ASSIGNED TASK:
Each line between the one holding "Brand new with" and the end of the material below, both included, is to be transcribed word for word, with pictures left out.

SOURCE MATERIAL:
________________________

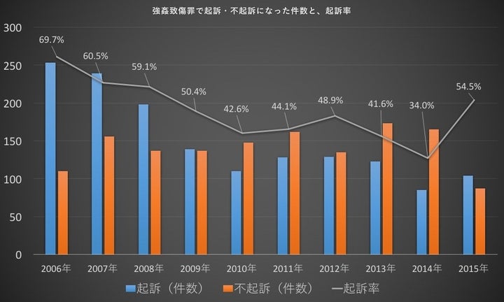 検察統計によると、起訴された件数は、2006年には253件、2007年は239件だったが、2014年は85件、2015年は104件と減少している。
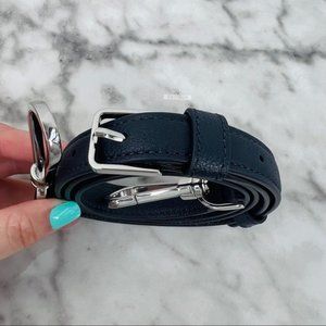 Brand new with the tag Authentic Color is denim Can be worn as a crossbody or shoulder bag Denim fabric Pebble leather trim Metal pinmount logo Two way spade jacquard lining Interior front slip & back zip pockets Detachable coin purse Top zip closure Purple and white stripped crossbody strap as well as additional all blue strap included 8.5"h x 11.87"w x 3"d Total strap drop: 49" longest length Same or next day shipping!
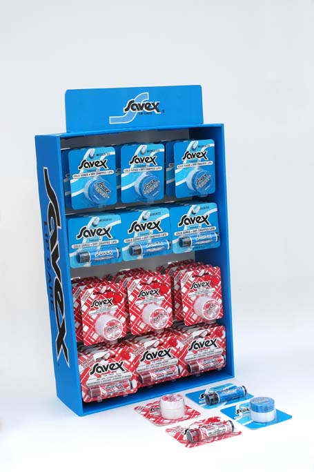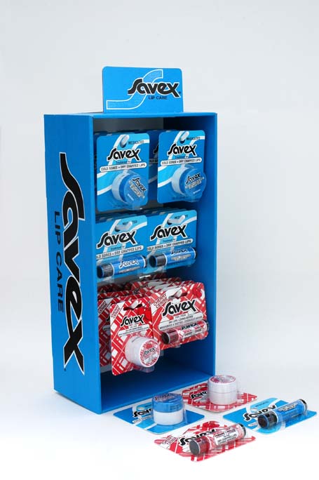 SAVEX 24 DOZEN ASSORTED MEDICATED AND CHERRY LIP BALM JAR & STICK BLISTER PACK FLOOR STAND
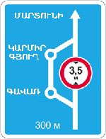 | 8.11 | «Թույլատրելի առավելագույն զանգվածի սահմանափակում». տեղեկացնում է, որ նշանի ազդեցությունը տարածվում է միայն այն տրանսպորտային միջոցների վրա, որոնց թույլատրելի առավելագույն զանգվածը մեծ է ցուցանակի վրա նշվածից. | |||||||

________________________

ANSWER BOX:
 Brand new with the tag Authentic Color is denim Can be worn as a crossbody or shoulder bag Denim fabric Pebble leather trim Metal pinmount logo Two way spade jacquard lining Interior front slip & back zip pockets Detachable coin purse Top zip closure Purple and white stripped crossbody strap as well as additional all blue strap included 8.5"h x 11.87"w x 3"d Total strap drop: 49" longest length Same or next day shipping!
 SAVEX 24 DOZEN ASSORTED MEDICATED AND CHERRY LIP BALM JAR & STICK BLISTER PACK FLOOR STAND
 | 8.11 | «Թույլատրելի առավելագույն զանգվածի սահմանափակում». տեղեկացնում է, որ նշանի ազդեցությունը տարածվում է միայն այն տրանսպորտային միջոցների վրա, որոնց թույլատրելի առավելագույն զանգվածը մեծ է ցուցանակի վրա նշվածից. | |||||||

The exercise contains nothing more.